Over the last several decades, fisheries managers, researchers and even the general public have become more aware and concerned about fish passage – the ability of fish to migrate past dams and other man-made obstructions.

As a result, fish tracking studies have become more common in evaluating the effects these structures have on migrating fish. These studies generally aim to evaluate:

• Fine scale movement to determine which routes fish are choosing to get around dams or to determine the best location to build a new fishway.
• How well existing fishways are working to safely guide fish around these facilities.
• How reservoirs upstream of dams are affecting fish migration.
• How fish that pass through hydropower turbines (entrainment) or over high spillways are affected by such a traumatic journey.

Various Tracking Technologies

Several different technologies are utilized to conduct these studies, including radio telemetry, passive integrated transponders (PIT) and various types of acoustic telemetry. All have their own features that that make them useful tools for fish tracking, but their shortcomings collecting fine-scale data to track fish in 2D and 3D make them a poor choice for accurately evaluating fish passage around hydropower dams and other structures.

Radio telemetry methods use tags implanted in fish that send radio signals through the water and into the air. These signal are then picked up by antennas located on shore. This allows for broad scale detection of fish from air or shore, but accurate fine-scale evaluations are difficult if not impossible. In addition, radio signals have a hard time traveling through deep water, which is commonly found just upstream of dams.

PIT tags utilize RFID technology, which is similar to the windshield transponders used for electronic toll collection.  Fish outfitted with PIT tags can only be detected when they swim through an antenna, much like a car driving through a toll station on the highway. However, this type of fish tracking has limited application outside of detecting tagged fish at pinch points, such as fishway entrances or exits. Thus it provides little information about fish behavior, such as responses to attraction flows (specific flows set up near fishways to attract fish into them).

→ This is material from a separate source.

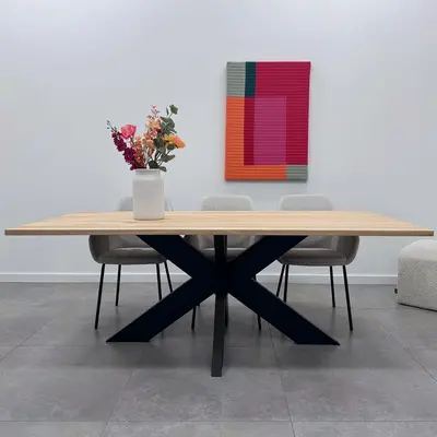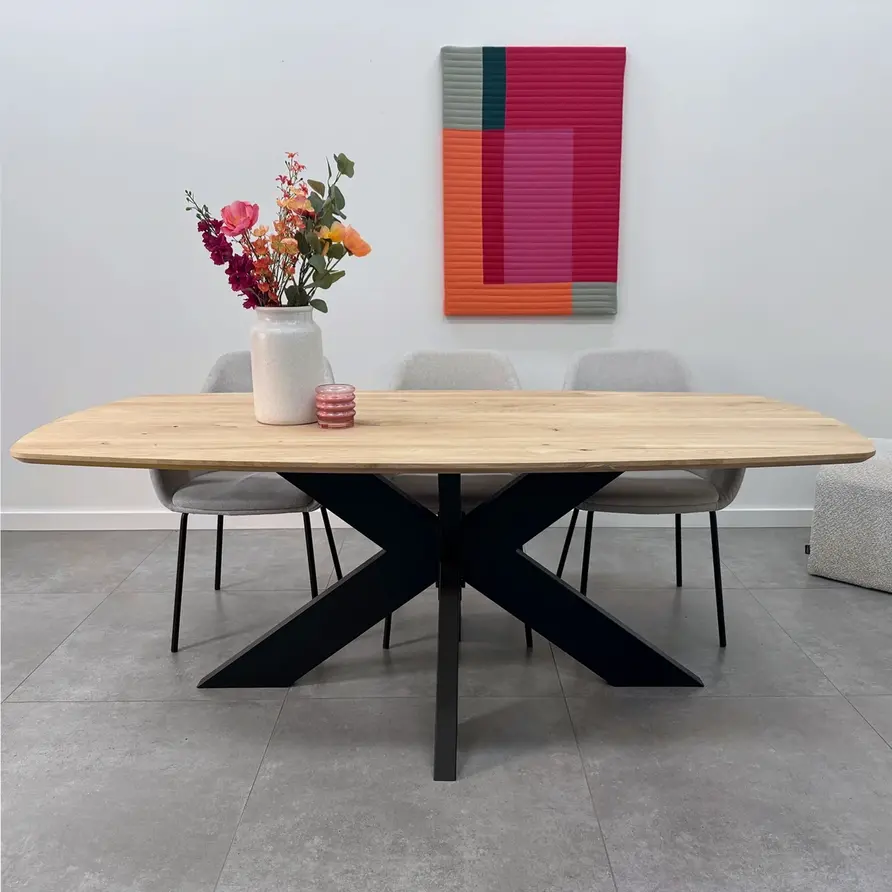 GESCHIKT VOOR: Dit onderstel is geschikt voor een tafel(blad) met een lengte van 200 cm tot circa 240 cm lang & een breedte van circa 100 - 110 cm. Daarnaast adviseren wij een minimale tafelblad dikte van 3-4 cm, zeker in het geval van de wat grotere tafels. De kans op "kromtrekken' is bij een (eiken) tafelblad van 2-3 cm relatief groot, ook al is uw tafelblad voorzien van staalprofielen t.b.v. stabilisatie.

JSATS acoustic telemetry is similar to Innovasea’s 307 kHz acoustic telemetry system, but operates at a higher frequency (416.7 kHz). This high frequency can be problematic in noisy environments and create a high number of false positive detections, making these type of tags less than ideal at many hydropower facilities.

Other acoustic telemetry technologies utilize much lower frequencies, such as Innovasea’s 69 kHz tags, which were originally designed for broad scale fish tracking studies primarily in the ocean and in large lakes. Like the JSATS system, this lower frequency also has difficulty tracking fish in noisy environments.

The New Sweet Spot

Because of this, Innovasea developed a new technology that hits the sweet spot for tracking fish in noisy environments: the 307 kHz frequency.

A V3 tag next to a common pill.

Studies have shown that higher acoustic frequencies, such as the operating frequency of JSATS tags, are negatively impacted by greater attenuation. In other words, higher rates of attenuation (the absorption of sound in water in this case) occur at higher sound frequencies, leading to lower detection rates and ranges compared to lower acoustic frequencies.

Meanwhile lower acoustic frequencies are negatively impacted by the noise generated by hydroelectric dams.

But the 307 kHz frequency used by Innovasea’s V3 tags allows signals from tagged fish in these noisy environments to be detected accurately and reliably. The better performance enables researchers to collect both broad scale and ultra-fine-scale (sub meter accuracy of 2D and 3D positions of fish) information to evaluate how fish are attempting to migrate around dams. As an added bonus, the tags themselves are tiny and have minimal impact on the fish.

This versatility enables researchers to use the 307 kHz frequency for all the different types of fish passage studies mentioned above, avoiding the need for multiple technologies and multiple studies. And being able to use a single technology to answer all (or most) of their questions helps them save money and derive data and insights in a timely manner to protect our valuable fisheries faster and more efficiently.